Can these be baked into the image itself? I'm assuming no because it's specific to the driver version

tonyf commented 1 year ago

Just tried this with the same issue

docker run -it \
    -v /usr/lib/x86_64-linux-gnu/libnvoptix.so.1:/usr/lib64/libnvoptix.so.1 \
    -v /usr/lib/x86_64-linux-gnu/libnvoptix.so.530.41.03:/usr/lib64/libnvoptix.so.530.41.03 \
    -v /usr/lib/x86_64-linux-gnu/libnvidia-rtcore.so.530.41.03:/usr/lib64/libnvidia-rtcore.so.530.41.03 \
    -e NVIDIA_VISIBLE_DEVICES=all \
    --gpus all render-slim bash --
OptiX initialization failed.
Unknown OptixResult code: Compatible device(s) not found / OptiX not initialized.
PathTracer destructor failed.
[ERROR] (MainThread) Initial setup failed, see errors above.
<NpOptiX(Thread-1, initial)>
robertsulej commented 1 year ago

OK, thanks for checking. I'll try to make it running and let you know.

robertsulej commented 1 year ago

It seems to work, though I had to add the path where driver .so's were mounted to LD_LIBRARY_PATH:

export LD_LIBRARY_PATH=$LD_LIBRARY_PATH:/usr/lib64

You can also try mounting into one of folders that are searched for libnvoptix.so.1. strace showed me these: /lib/x86_64-linux-gnu, /usr/lib/x86_64-linux-gnu, /lib, /usr/lib.

Btw. I tested on the "base" nvidia image, 12.0.0-base-ubuntu20.04, where CUDA toolkit is not installed. The driver libraries are enough to run OptiX (unfortunately not mounted correctly by nvidia docker...).
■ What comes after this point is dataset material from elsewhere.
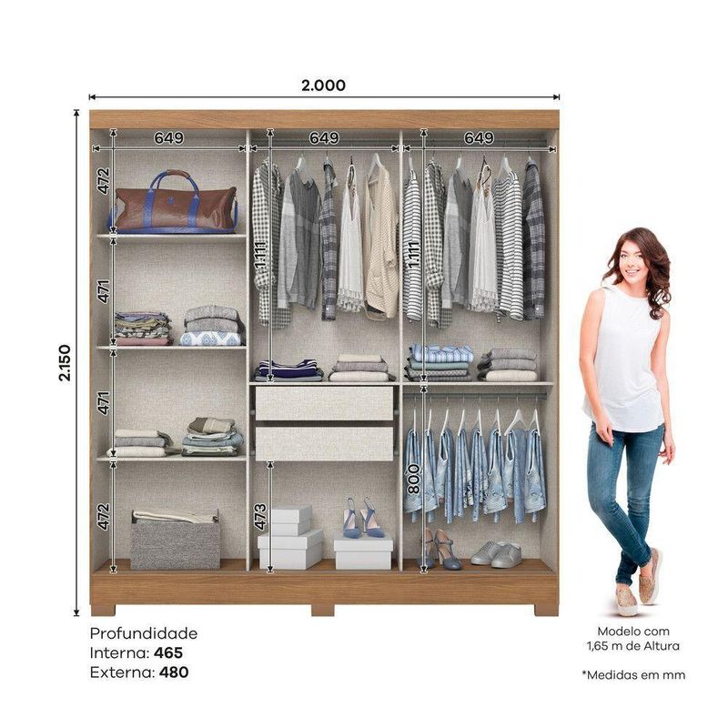 Guarda Roupa 3 Portas Deslizantes 2 Gavetas E Pés Em Abs Nature Com Off WhiteO Roupeiro 03 Portas Deslizantes e 02 Gavetas B376 e a solucao perfeita para manter seu ambiente organizado. Com amplo espaco interno, ele conta com 2 gavetas com corredicas metalicas, porta com apliques ripados e uma porta com espelho de 1250 x 350 mm. Seus puxadores na cor bronze, pes em ABS e cabideiro e calceiro de madeira revestida garantem durabilidade e resistencia. Este movel e o toque que faltava para compor o seu quarto com praticidade e estilo.CARACTERISTICAS GERAIS: Estilo: Moderno Linha ou Colecao: B376 Ambiente Principal: Quarto Marca: Briz Complexidade de Montagem: Alta: Deve ser montado por um montador especializado. Itens Inclusos: 1 Guarda Roupa e Instrucao de Montagem ATENCAO / IMPORTANTE: Sistema de Montagem: Parafusos e Cavilhas A Loja Fornece Montador? Nao Montagem Flex: Nao Complexidade de Montagem: Alta: Deve ser montado por um montador especializado. O produto sera entregue desmontado, nao disponibilizamos servico de montagem ou instalacao, porem, todos os produtos acompanham Kit Ferragens e Manual para montagem bem intuitivo. Recomendacoes de Uso, Manutencoes e Limpeza: Para limpeza de seu movel, use uma flanela limpa e seca. Nao utilize produtos quimicos que possam danificar o produto. As imagens sao meramente ilustrativas. As cores podem sofrer alteracoes devido a luminosidade, monitor e a percepcao do usuario. Desmontagens, subir escadas, elevadores ou transporte por guincho para apartamentos, e suas despesas sao a cargo do cliente. Eletros, Eletronicos e decoracoes nao acompanham o produto. Peso Suportado: Os pesos suportados pelo produto devem ser distribuidos uniformemente no produto. Para garantir a qualidade do produto, e imprescindivel realizar a conferencia no momento da entrega e, se houver qualquer tipo de divergencia, e essencial contatar imediatamente a loja. Nossa garantia e contra defeitos de fabricacao, a qual tem um prazo de 3 meses contados a partir da data de entrega do produto. Nossa garantia NAO cobre defeitos por uso inadequado, abusivo ou falta de cuidados com o produto. FICHA TECNICA: Cor Nature: Pintura UV Texturizada Fosco : Pintura UV Brilho Cor Preto HP: Pintura UV Texturizada Fosco Medidas Montado (A x L x P): 215 x 199,5 x 48 Cm Peso Montado: 105 Kg Cor Interna: Trama (Bege Acinzantado) Material do Fundo: MD Possui Espaco para Vestidos Longos: Nao Possui Maleiro: Nao Possui porta Objetos: Nao Qtd. Portas: 3 Und. Tipo Porta: Correr Material da Porta: MDP Tipo de Puxador da Porta: Externo Material do Puxador Porta: ABS Qtd. Gavetas: 2 Und. Material da Gaveta: MDF/MDP Tipo de Gaveta: Externa Material da Corredica: Metalica Simples Peso Maximo por Gaveta: 3 Kg Possui Organizador de Gaveta: Nao Qtd. Prateleiras: 3 Und. Material da Prateleira: MDP Peso Maximo por Prateleira: 8 Kg Qtd de Pes: 6 Und. Material dos Pes: ABS Altura Pes/Rodapes: 5 Cm Pes Regulaveis: Nao Possui Espelho: Sim Tipo de Fixacao do Espelho: Parafusos Quantidade de Espelhos:1 Und. Medida do Espelho: 1250 x 350 mm Possui Vidro: Nao Produto Suporta ate (Kg): 90 Kg Material Principal: MDP Informacoes Complementares: Cabideiro e calceiro de madeira revestidos 02 gavetas com corredicas metalicas 03 portas deslizantes Porta com apliques ripados Porta com espelho 1250x350 mm Puxadores na cor bronze Espessura da Estrutura (mm): 15mm

tonyf commented 1 year ago

That worked! Thank you!

aksh-at commented 1 year ago

Hey @robertsulej, we're running into the same issue when trying to run plotoptix. strace output shows that libnvoptix.so is being read:

openat(AT_FDCWD, "/usr/lib/x86_64-linux-gnu/libnvoptix.so.1", O_RDONLY|O_CLOEXEC) = 11
read(11, "\177ELF\2\1\1\0\0\0\0\0\0\0\0\0\3\0>\0\1\0\0\0\0w\6\0\0\0\0\0"..., 832) = 832
fstat(11, {st_mode=S_IFREG|0644, st_size=189105240, ...}) = 0
mmap(NULL, 191393312, PROT_READ|PROT_EXEC, MAP_PRIVATE|MAP_DENYWRITE, 11, 0) = 0x7fbcec979000
mprotect(0x7fbcf7a94000, 2093056, PROT_NONE) = 0
mmap(0x7fbcf7c93000, 3399680, PROT_READ|PROT_WRITE, MAP_PRIVATE|MAP_FIXED|MAP_DENYWRITE, 11, 0xb11a000) = 0x7fbcf7c93000
mmap(0x7fbcf7fd1000, 192032, PROT_READ|PROT_WRITE, MAP_PRIVATE|MAP_FIXED|MAP_ANONYMOUS, -1, 0) = 0x7fbcf7fd1000
close(11)    

We are on driver version 515, I see that the project page says you need >=530. Could that be why?

robertsulej commented 1 year ago

It might be. If you cannot upgrade the driver, you can try earlier release 0.14.4 (here on PyPI) instead, it should work with the driver r515.